The owners of a care home have lost an appeal at the Upper Tribunal over the amount of capital gains tax due on the sale of the business
The appellants, Michelle McEnroe and Miranda Newman, were sole shareholders in Kingly Care Partnership Limited, holding one ordinary share each.
On 25 October 2013 they entered into a share sale and purchase agreement agreeing to sell the shares to Active Assistance Finance Limited. The agreed price was £8m, subject to a working capital adjustment and an earn out.
At completion, the amount required to redeem a loan owed by the company to Allied Irish Bank (GB) was £1,080,990.68. On completion, this amount was settled by the buyer’s solicitors.
The buyers’ solicitors transferred £6,918,121.06 to the appellants’ solicitors on 28 October 2013.
After the appellants’ solicitors had deducted professional fees for the sale, the appellants each received £3,337,835.44. A further £145,045 was paid on 3 February 2014, after the buyer and the appellants reconciled the working capital adjustment.
In their self assessment tax returns, the appellants each showed the consideration received for the disposal of the shares in the company as one half of £6.9m (plus the working capital adjustment and the earn out received later).
HMRC opened an enquiry into the appellants’ tax returns and issued closure notices stating that the consideration should be one half of £8m, plus the earn out. This means that McEnroe and Newman owed HMRC up to £308,000 in capital gains tax.
The appellants lost an appeal at the First Tier Tribunal against the closure notices, which disputed whether the consideration for the shares was £8m, or £8m less the AIB debt. They argued that they never received £8m as the £1.1m moved directly from the account of the buyer’s solicitors to the bank to settle the debt, resulting in a gain of £6.9m.
At the Upper Tribunal, the judges rejected the appellants’ argument that the First Tier Tribunal (FTT) had erred in law in failing to consider the application of clause 3.3 about a working capital adjustment in the completion accounts when construing the terms of the sale agreement.
It said that ‘the appellants’ case amounts to a disguised attack on the FTT’s findings of fact’.

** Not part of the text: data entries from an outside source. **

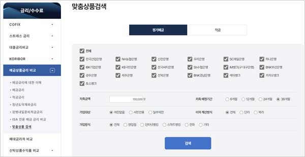 - 금융 권역: 시중은행, 지방은행, 외국계 은행 등 조회하고자 하는 은행의 범위를 선택합니다. (모든 은행을 선택하여 가장 높은 금리를 비교하는 것이 유리합니다.)
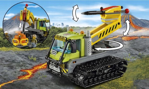 - Zawiera 3 minifigurki: kierowczynię pojazdu terenowego, miłośnika wulkanów i pracownika technicznego badającego wulkany.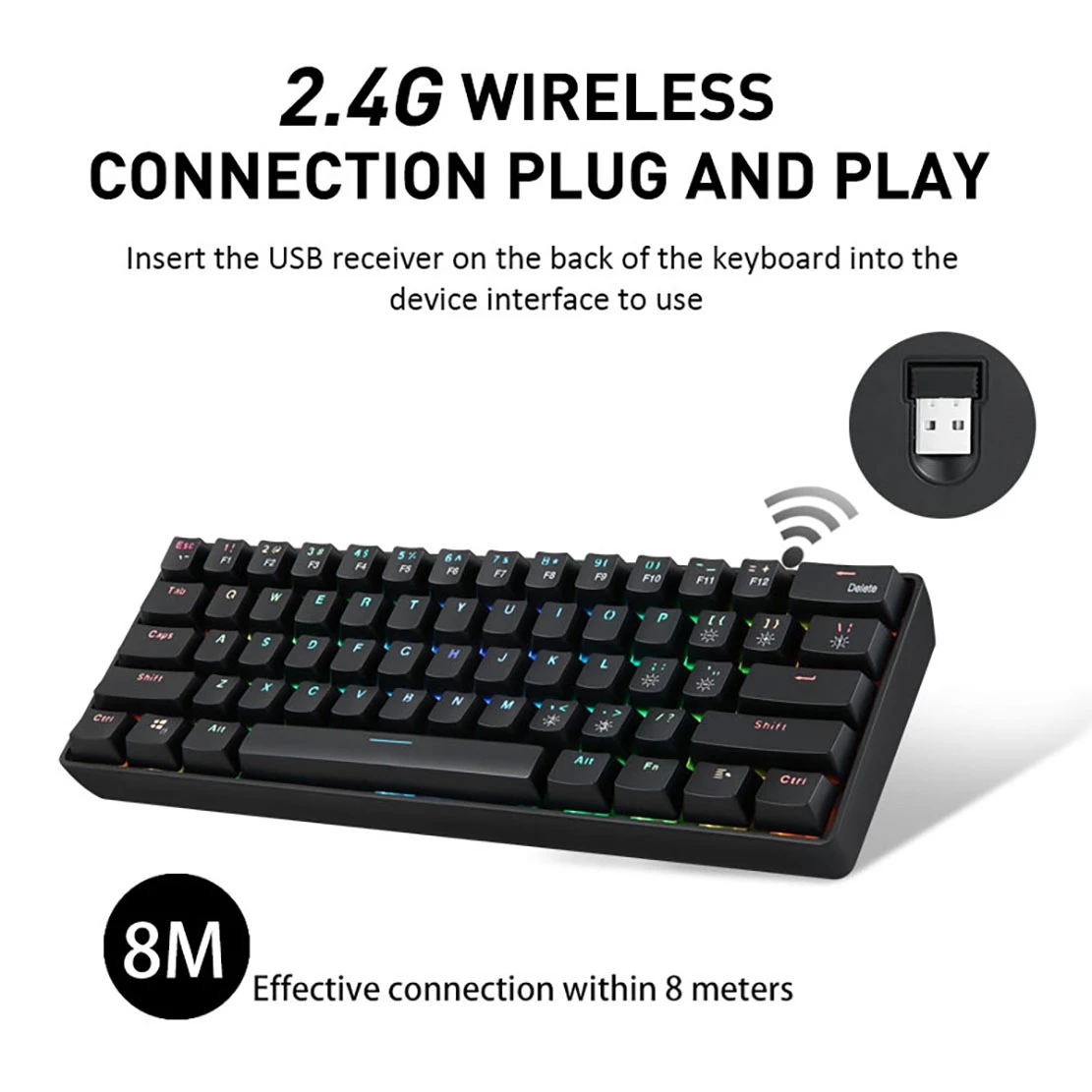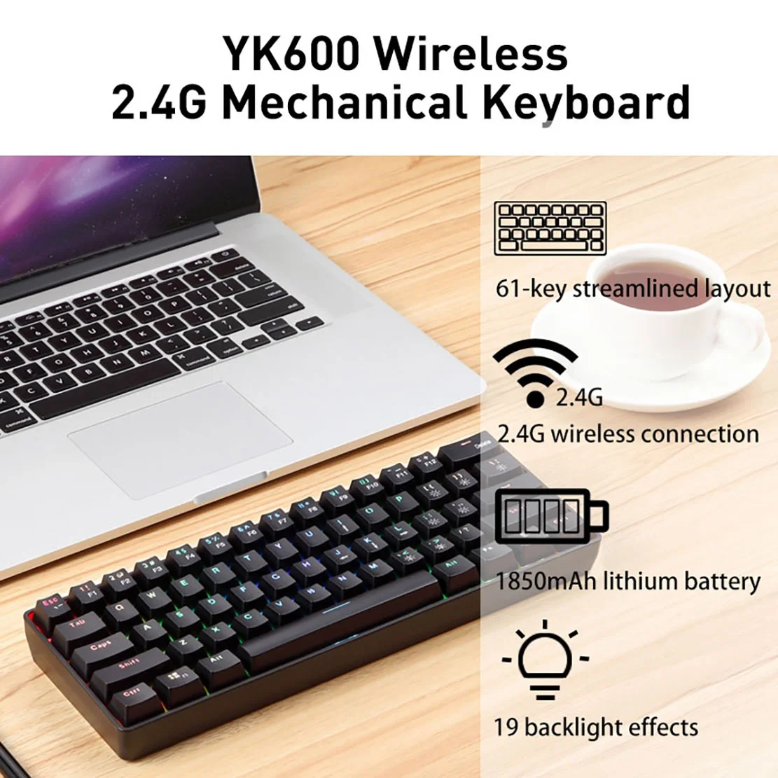 Comprar Teclado mecánico YK600 61 teclas RGB retroiluminación 2,4G + modo dual con cable 60% teclado mecánico compacto (ruso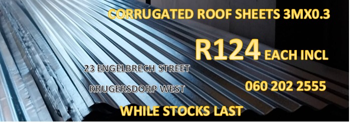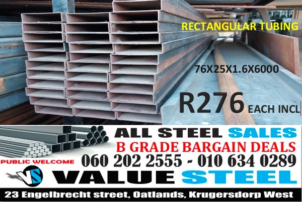 Rectangular tubing and roofing material for sale while stocks last.23 Engelbrecht Street, Oatlands, Krugersdorp West.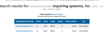 Name-search on “Inquiring Systems Inc” only produced two results because the other ones lacked the suffix “inc” in their labeling. a closer look shows different EIN#s (one ends 840, the other 890. Both begin with “99.” BOTH appear to also be the wrong #. Compare to handwritten sample Form 990 nearby image.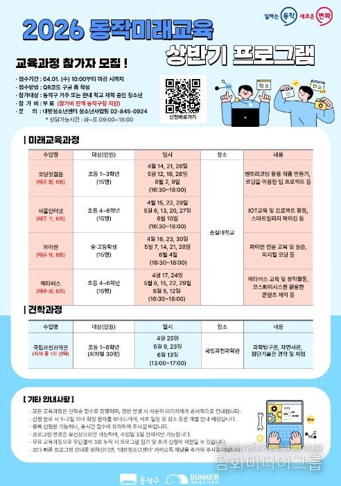박일하 동작구청장은 “미래 사회를 이끌어갈 아동·청소년들이 디지털 기술과 창의적 사고 역량을 자연스럽게 키울 수 있도록 이번 교육과정을 마련했다”며, “앞으로도 아이들이 다양한 미래교육을 경험하며 진로를 탐색할 수 있도록 적극 지원하겠다”고 말했다.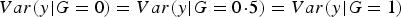 $Var\lpar y\vert G = 0\rpar = Var\lpar y\vert G =0\!\cdot\!5\rpar = Var\lpar y\vert G = 1\rpar $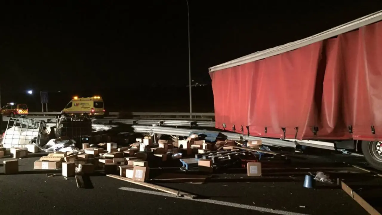 Un camión esparce su carga en la M-45 (San Fernando) tras colisionar contra un turismo Aparatoso y espectacular accidente de tráfico en la M-45, a la altura de San Fernando de Henares, entre un tráiler y un turismo que, afortunadamente,… Redacción MiraCorredor 05/07/16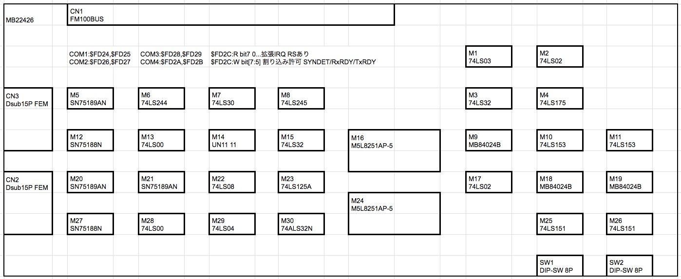FM-11の拡張カードにMB22426 増設RS232Cインターフェースカードというのがある。カードあたり2つのRS232Cインターフェースがあり、最大2枚、本体内蔵と合わせて5チャンネルまで用意できる。昔はパソコン通信のホストを構築するためによく使われたらしい。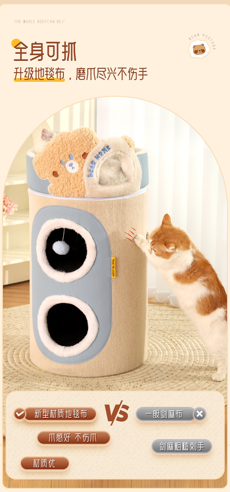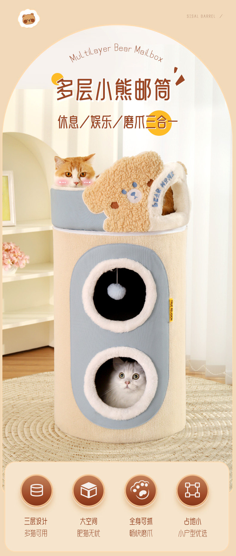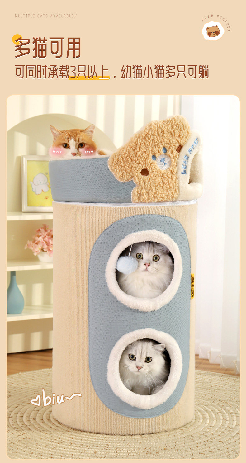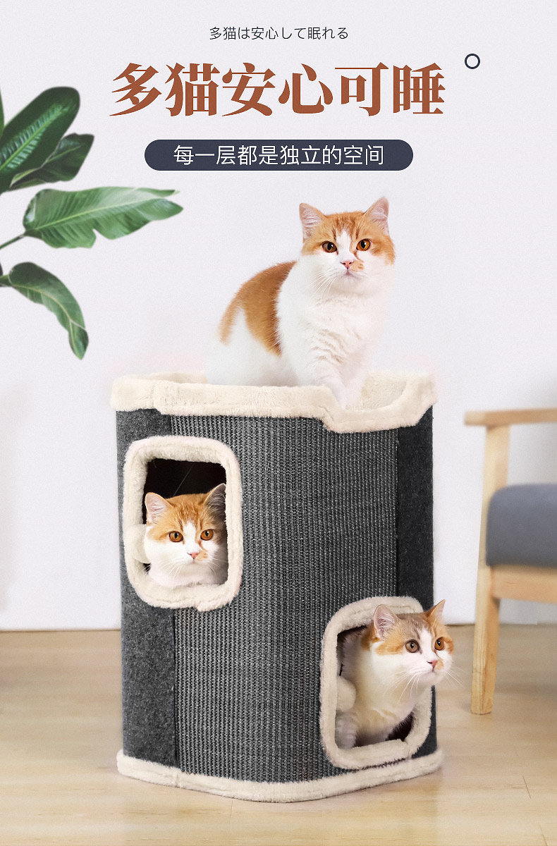 Marco de escalada para gatos, nido para gatos, árbol para gatos, doble capa, casa para gatos cerrada, tabla de agarre para gatos de sisal, uso universal para gatos en todas las estaciones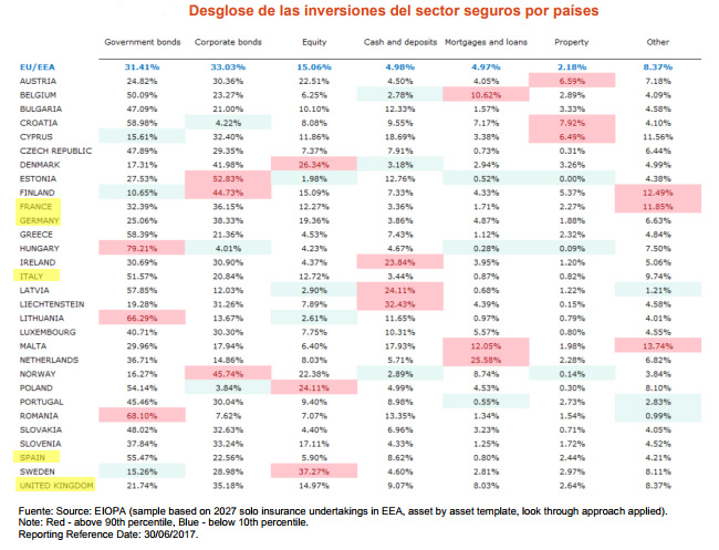 AFI ha analizado las inversiones de las aseguradoras europeas basándose en el último informe sobre la estabilidad financiera del sector publicado en diciembre por Eiopa, y que revela significativas diferencias en cuanto a políticas de inversión en los distintos países de la UE. El análisis se ha centrado en los 5 principales mercados: Alemania, Reino Unido Francia, Italia y España. Del estudio de esta información se extraen varias conclusiones.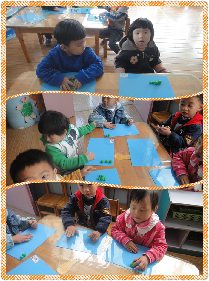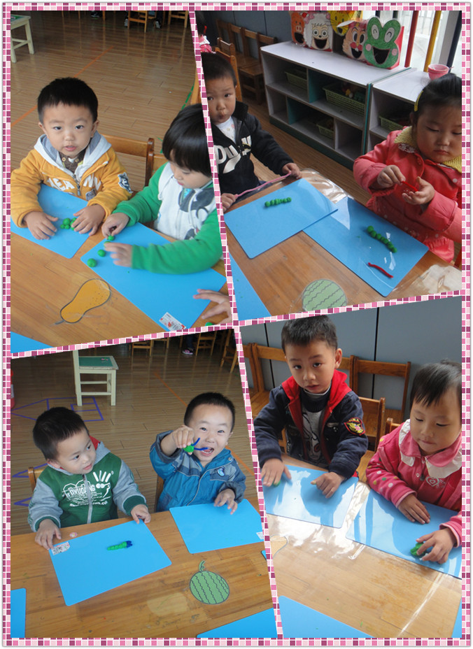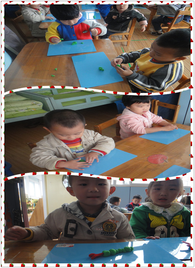 你知道我们在做什么吗?我们用的是油泥,在做毛毛虫呢?先搓几个小圆球黏在一起,用毛根做毛毛虫的触角就可以啦!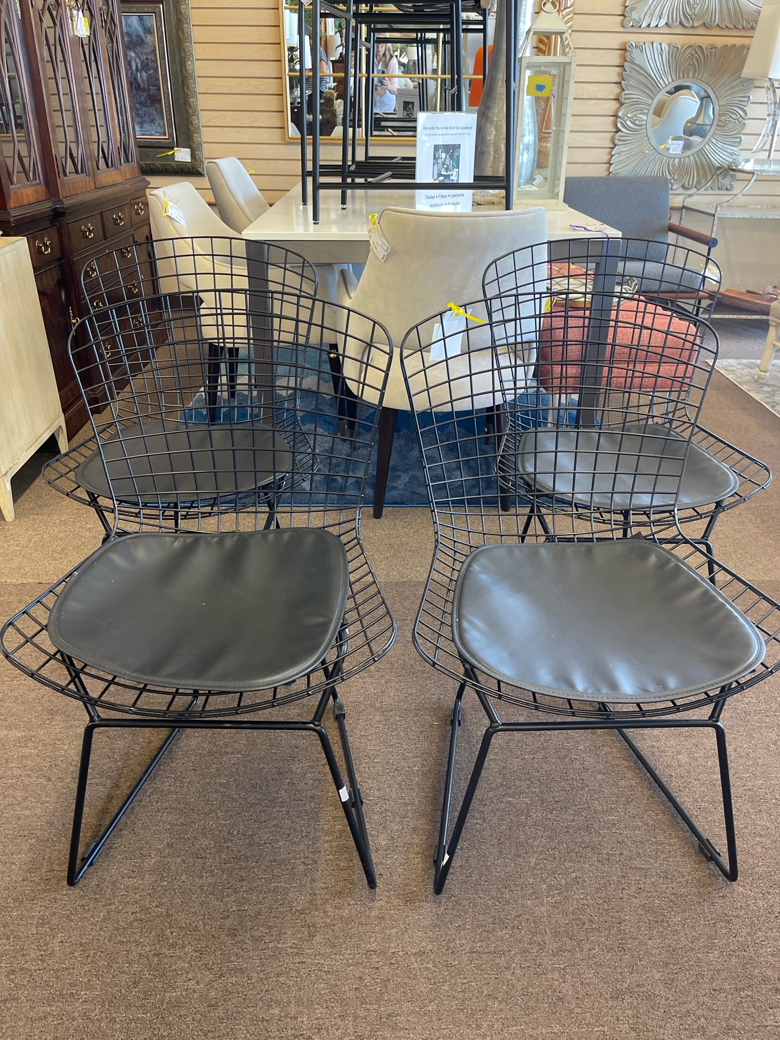 Set of 4 Bertoia Black w/Black Pad

It also rejected the appellants’ lawyer David Whiscombe’s submission that ‘indebtedness automatically arose between the company and the buyer as a consequence of double entry bookkeeping’.
Whiscombe argued that the factual findings reached by the FTT were inconsistent with the abbreviated financial statements of the company for the period ended 31 March 2014 (which included as comparable figures an unaudited balance sheet as at 25 October 2013).
These showed current assets of £748,616 and liabilities of £1,562,231. On the basis of these accounts, current assets less liabilities was a negative amount of £813,615.
The Upper Tribunal said ‘that there was no reason for the FTT to need to consider the possibility of there having been an adjustment to the consideration under the terms of clause 3.3 of the sale and purchase agreement.
‘In these circumstances, we find that the FTT made no error of law in its decision that the appellants had not discharged their burden of proof to displace HMRC’s closure notice.’